The latest peer-reviewed, scientific research on social media & crisis computing has just been published in the prestigious journal, Science. The authors pose a question that many of us in the international humanitarian space have been asking, debating and answering since 2009: Can social media data aid in disaster response and damage assessment?
To answer this question, the authors of the new study carry out “a multiscale analysis of Twitter activity before, during, and after Hurricane Sandy” and “examine the online response of 50 metropolitan areas of the US.” They find a “strong relationship between proximity to Sandy’s path and hurricane-related social media activity.” In addition, they “show that real and perceived threats, together with physical disaster effects, are directly observable through the intensity and composition of Twitter’s message stream.”
What’s more, they actually “demonstrate that per-capita Twitter activity strongly correlates with the per-capita economic damage inflicted by the hurricane.” The authors found these results to hold true for a “wide range of [US-based] disasters and suggest that massive online social networks can be used for rapid assessment of damage caused by a large-scale disaster.”
Unlike the vast majority of crisis computing studies in the scientific literature, this is one of the few (perhaps the only?) study of its kind that uses actual post-disaster damage data, i.e. actual ground-truthing, to demonstrate that “the per-capita number of Twitter messages corresponds directly to disaster-inflicted monetary damage.” What’s more, “The correlation is especially pronounced for persistent post-disaster activity and is weakest at the peak of the disaster.”
The authors thus conclude that social media is a “viable platform for preliminary rapid damage assessment in the chaotic time immediately after a disaster.” As such, their results suggest that “officials should pay attention to normalized activity levels, rates of original content creation, and rates of content rebroadcast to identify the hardest hit areas in real time.
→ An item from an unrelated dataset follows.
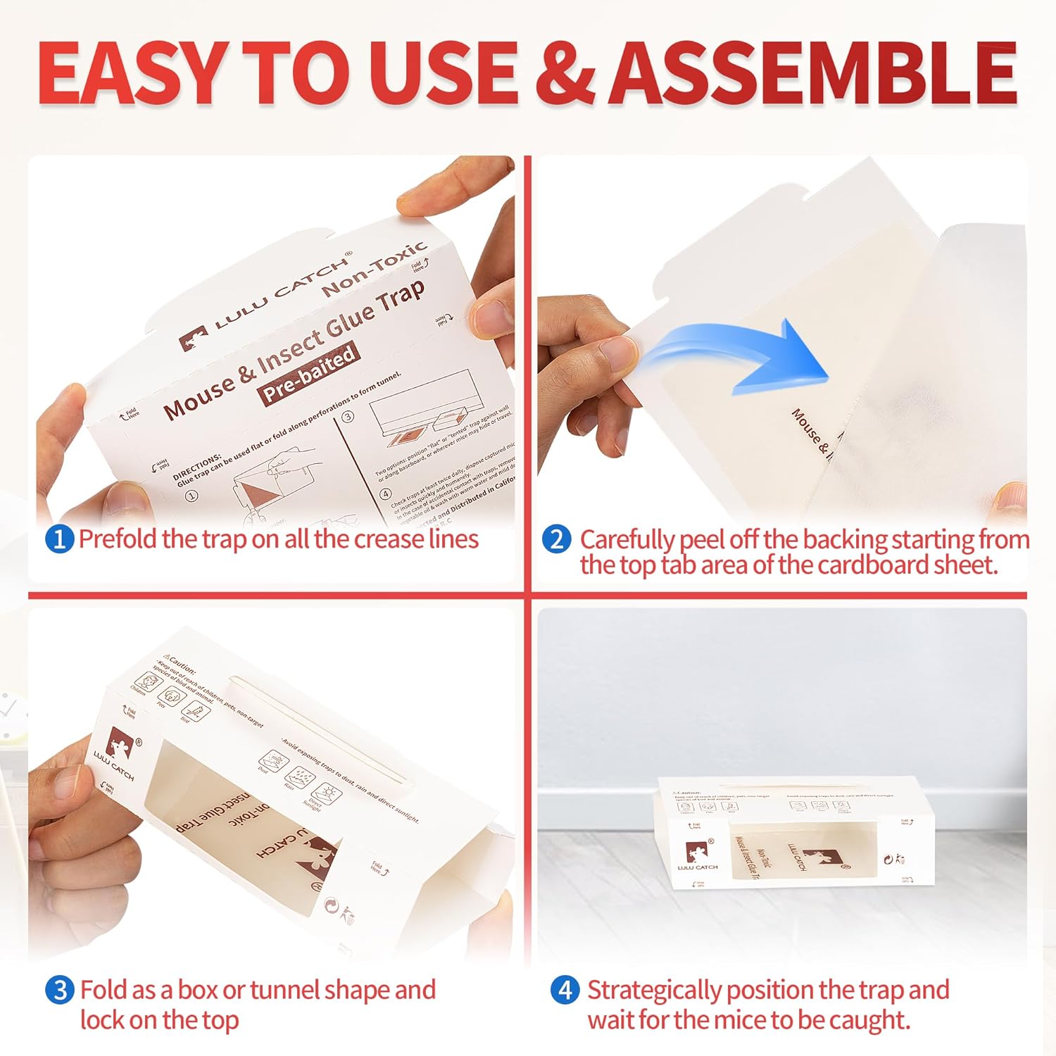 • EASY TO ASSEMBLE STICKY TRAPS: This sticky trap comes with 12 glue boards. Four placement methods can be applied for the best capture: Flat, U-shape, Tunnel Box, and Double Up. No need to clean, re-set, or re-bait the glue traps. We suggest carefully pealing off the backing starting from the top tab area of the cardboard sheet. These glue traps are disposable, just wrap them and throw them straight into the garbage can.

Immediately after a disaster, they should focus on persistence in activity levels to assess which areas are likely to need the most assistance.”
In sum, the authors found that “Twitter activity during a large-scale natural disaster—in this instance Hurricane Sandy—is related to the proximity of the region to the path of the hurricane. Activity drops as the distance from the hurricane increases; after a distance of approximately 1200 to 1500 km, the influence of proximity disappears. High-level analysis of the composition of the message stream reveals additional findings. Geo-enriched data (with location of tweets inferred from users’ profiles) show that the areas close to the disaster generate more original content […].”
Five years ago, professional humanitarians were still largely dismissive of social media’s added value in disasters. Three years ago, it was the turn of ivory tower academics in the social sciences to dismiss the value added of social media for disaster response. The criticisms focused on the notion that reports posted on social media were simply untrustworthy and hardly representative. The above peer-reviewed scientific study dismisses these limitations as inconsequential.